* PROBLEM DESCRIPTION
Your output should be the complete listing, word for word, with no pictures in it.

* RECORDED INFORMATION
☆ ☆ ☆ ☆ ☆ ☆ ☆

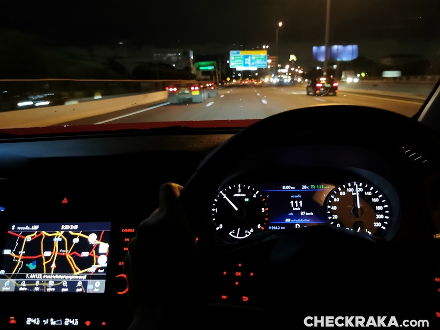 นิสสัน นาวารา PRO2X ด้านการใช้งานผู้เขียนได้นำมาขับเสมือนการใช้งานจริง 3 วันและบันทึกภาพนิ่งและคลิปอีกวัน การขับใช้งานมีทั้งในเมืองและเดินทางไกล ตลอดจนกลางวันและกลางคืน เพื่อให้ครอบคลุมใกล้เคียงความเป็นจริงของการใช้รถแบบครอบครัว จากข้อมูลเบื้องต้น นิสสัน นาวารา PRO2X รุ่นที่นำมาทดสอบยังคงใช้ขุมพลังเครื่องยนต์ดีเซลทวินเทอร์โบ YS23DDTT ความจุ 2.3 ลิตร เกียร์อัตโนมัติ 7 สปีด พร้อมโหมดแมนนวล ให้กำลังสูงสุด 190 แรงม้า แรงบิดสูงสุด 450 นิวตันเมตร มั่นใจได้ว่าเพียงพอต่อการใช้งานทางไกล ที่มักต้องมีการใช้อัตราเร่งแซง รวมไปถึงการใช้แรงบิดที่ดีในการขับขึ้นทางลาดชันแม้ว่าตัวรถมีโหลดเยอะ สัมผัสแรงหลังเข้าไปนั่งปรับระยะเบาะให้เข้ากับสรีระผู้เขียนที่สูง 171 ซม. รู้สึกได้ถึงความโปร่งและหรูหรา งานประกอบที่ดี เกรดของวัสดุชิ้นงานภายในให้อารมณ์เหมือนรถซีดานพรีเมียม ไม่เหมือนนั่งอยู่ภายในรถกระบะ ก่อนขับก็ได้ลองระบบการเชื่อมต่อบลทูธกับสมาร์ทโฟนผ่าน NissanConnect สแตนบายด์การรับ-วางสายโทรเข้า และพลาดไม่ได้กับฟังชันที่เชื่อมต่อกับ Apple CarPlay และ Android Auto ซึ่งสมาร์ทโฟนของผู้เขียนเป็นแบบแอนดรอยด์ พอใช้สายเชื่อมต่อผ่านพอร์ท USB ก็ใช้งานได้หลากหลายขึ้นไปอีกเพราะสามารถดึงแอปพลิเคชันของโทรศัพท์ออกมาใช้บนหน้าจอสัมผัสขนาด 8 นิ้วได้ เช่น ระบบนำทาง (Navigation system) กูเกิ้ลแมพ อันนี้เป็นแอปฯ จำเป็นของคนใช้รถจริงๆ นอกจากนี้ก็เปิดแอปฯ Spotfy เล่นชุดเพลงโปรดที่บันทึกไว้ เสียงที่ขับออกมาจากลำโพงติดรถนับว่าดีพอสำหรับผู้ใช้งานทั่วไปเลย สรุปความรู้สึกที่เข้ามานั่งแล้วได้ลองเล่น ทำความคุ้นเคยกับฟังก์ชัน หน้าจอ และปุ่มปรับต่างๆ รู้สึกพอใจที่สุดเพราะใช้งานง่าย มีทุกสิ่งอำนวยความสะดวกให้ครบครัน
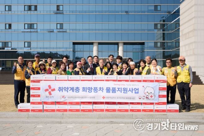 [경기핫타임뉴스=김형철 기자] 대한적십자사봉사회 양주시협의회(회장 정진수)는 지난 25일 시청 원형광장 앞에서 ‘희망풍차 물품 전달식’을 개최했다.
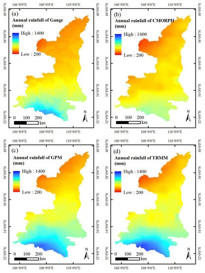 Spatial distribution of annual rainfall: (a) Gauge; (b) CMORPH; (c) GPM; and (d) TRMM.

☆ ☆ ☆ ☆ ☆ ☆ ☆

* OUTPUT OF THE EXERCISE
 นิสสัน นาวารา PRO2X ด้านการใช้งานผู้เขียนได้นำมาขับเสมือนการใช้งานจริง 3 วันและบันทึกภาพนิ่งและคลิปอีกวัน การขับใช้งานมีทั้งในเมืองและเดินทางไกล ตลอดจนกลางวันและกลางคืน เพื่อให้ครอบคลุมใกล้เคียงความเป็นจริงของการใช้รถแบบครอบครัว จากข้อมูลเบื้องต้น นิสสัน นาวารา PRO2X รุ่นที่นำมาทดสอบยังคงใช้ขุมพลังเครื่องยนต์ดีเซลทวินเทอร์โบ YS23DDTT ความจุ 2.3 ลิตร เกียร์อัตโนมัติ 7 สปีด พร้อมโหมดแมนนวล ให้กำลังสูงสุด 190 แรงม้า แรงบิดสูงสุด 450 นิวตันเมตร มั่นใจได้ว่าเพียงพอต่อการใช้งานทางไกล ที่มักต้องมีการใช้อัตราเร่งแซง รวมไปถึงการใช้แรงบิดที่ดีในการขับขึ้นทางลาดชันแม้ว่าตัวรถมีโหลดเยอะ สัมผัสแรงหลังเข้าไปนั่งปรับระยะเบาะให้เข้ากับสรีระผู้เขียนที่สูง 171 ซม. รู้สึกได้ถึงความโปร่งและหรูหรา งานประกอบที่ดี เกรดของวัสดุชิ้นงานภายในให้อารมณ์เหมือนรถซีดานพรีเมียม ไม่เหมือนนั่งอยู่ภายในรถกระบะ ก่อนขับก็ได้ลองระบบการเชื่อมต่อบลทูธกับสมาร์ทโฟนผ่าน NissanConnect สแตนบายด์การรับ-วางสายโทรเข้า และพลาดไม่ได้กับฟังชันที่เชื่อมต่อกับ Apple CarPlay และ Android Auto ซึ่งสมาร์ทโฟนของผู้เขียนเป็นแบบแอนดรอยด์ พอใช้สายเชื่อมต่อผ่านพอร์ท USB ก็ใช้งานได้หลากหลายขึ้นไปอีกเพราะสามารถดึงแอปพลิเคชันของโทรศัพท์ออกมาใช้บนหน้าจอสัมผัสขนาด 8 นิ้วได้ เช่น ระบบนำทาง (Navigation system) กูเกิ้ลแมพ อันนี้เป็นแอปฯ จำเป็นของคนใช้รถจริงๆ นอกจากนี้ก็เปิดแอปฯ Spotfy เล่นชุดเพลงโปรดที่บันทึกไว้ เสียงที่ขับออกมาจากลำโพงติดรถนับว่าดีพอสำหรับผู้ใช้งานทั่วไปเลย สรุปความรู้สึกที่เข้ามานั่งแล้วได้ลองเล่น ทำความคุ้นเคยกับฟังก์ชัน หน้าจอ และปุ่มปรับต่างๆ รู้สึกพอใจที่สุดเพราะใช้งานง่าย มีทุกสิ่งอำนวยความสะดวกให้ครบครัน
 [경기핫타임뉴스=김형철 기자] 대한적십자사봉사회 양주시협의회(회장 정진수)는 지난 25일 시청 원형광장 앞에서 ‘희망풍차 물품 전달식’을 개최했다.
 Spatial distribution of annual rainfall: (a) Gauge; (b) CMORPH; (c) GPM; and (d) TRMM.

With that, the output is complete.